WORK ITEM: Begin with the first line below and retype each line exactly through the line containing "Półka z kolekcji". Any pictures are to be left out.

INFORMATION PROVIDED:
┏━━

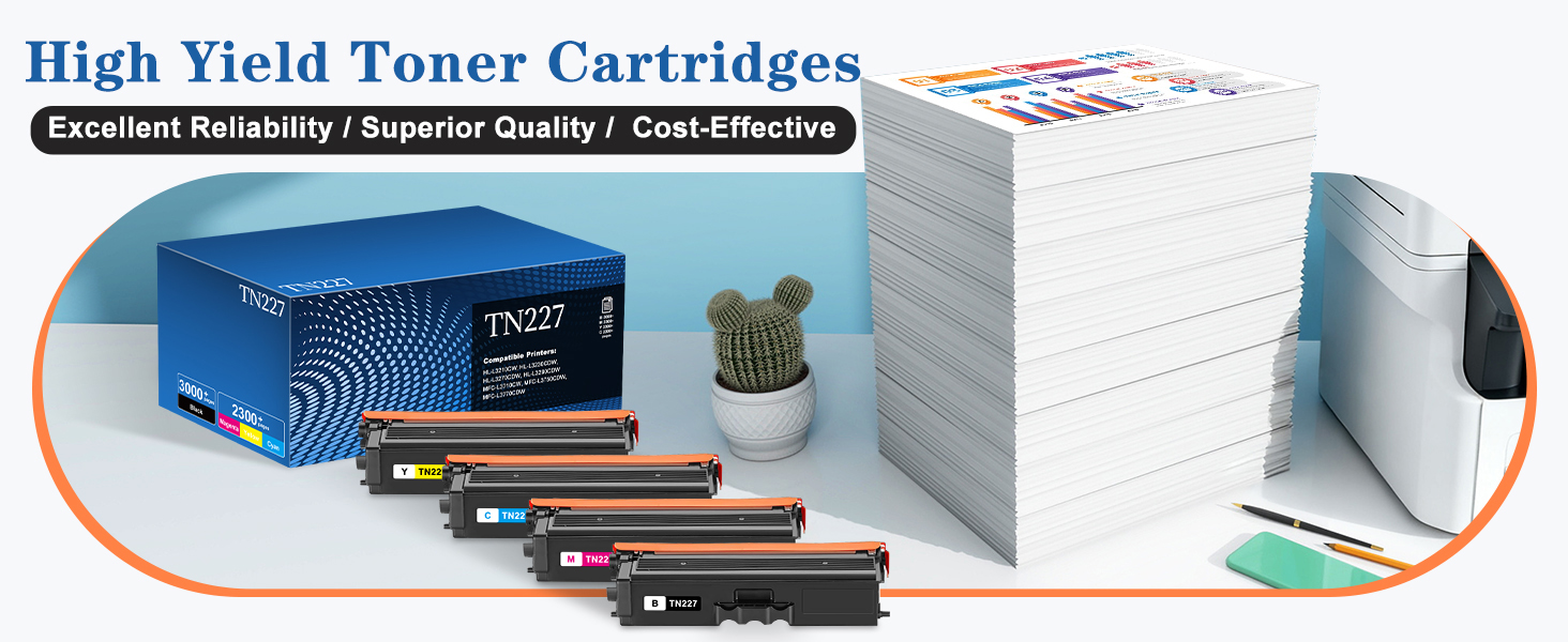 [إنتاجية الصفحة] ما يصل إلى 3000 صفحة للحبر الأسود TN227 وما يصل إلى 2300 صفحة لكل حبر ملون TN227 (A4، بتغطية 5%)
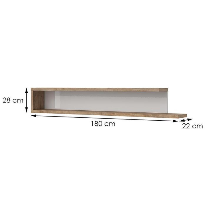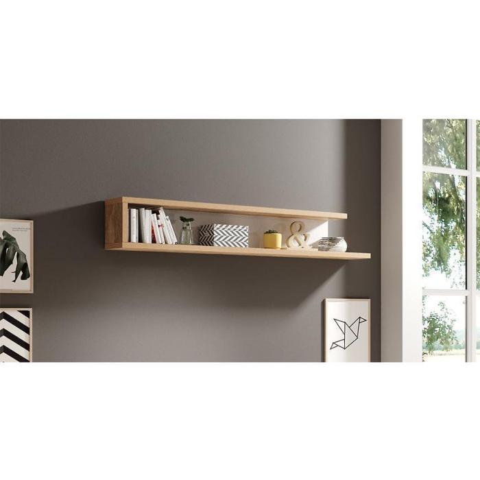 Półka z kolekcji Sintra to przede wszystkim nowoczesność i funkcjonalność w jednym. Doskonale sprawdzi się w każdym pokoju dziennym, salonie. Wygląd mebli jest nowoczesny, a zarazem uniwersalny. Półka wisząca została wykonana z płyty wiórowej laminowanej w kolorze dąb samdal/biały.
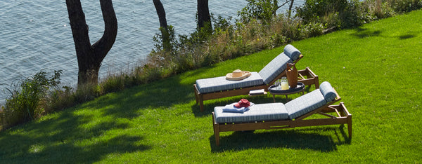 a pair of outdoor chaises on a grassy knoll near the ocean.

┗━━

ANSWER FOR THE TASK:
 [إنتاجية الصفحة] ما يصل إلى 3000 صفحة للحبر الأسود TN227 وما يصل إلى 2300 صفحة لكل حبر ملون TN227 (A4، بتغطية 5%)
 Półka z kolekcji Sintra to przede wszystkim nowoczesność i funkcjonalność w jednym. Doskonale sprawdzi się w każdym pokoju dziennym, salonie. Wygląd mebli jest nowoczesny, a zarazem uniwersalny. Półka wisząca została wykonana z płyty wiórowej laminowanej w kolorze dąb samdal/biały.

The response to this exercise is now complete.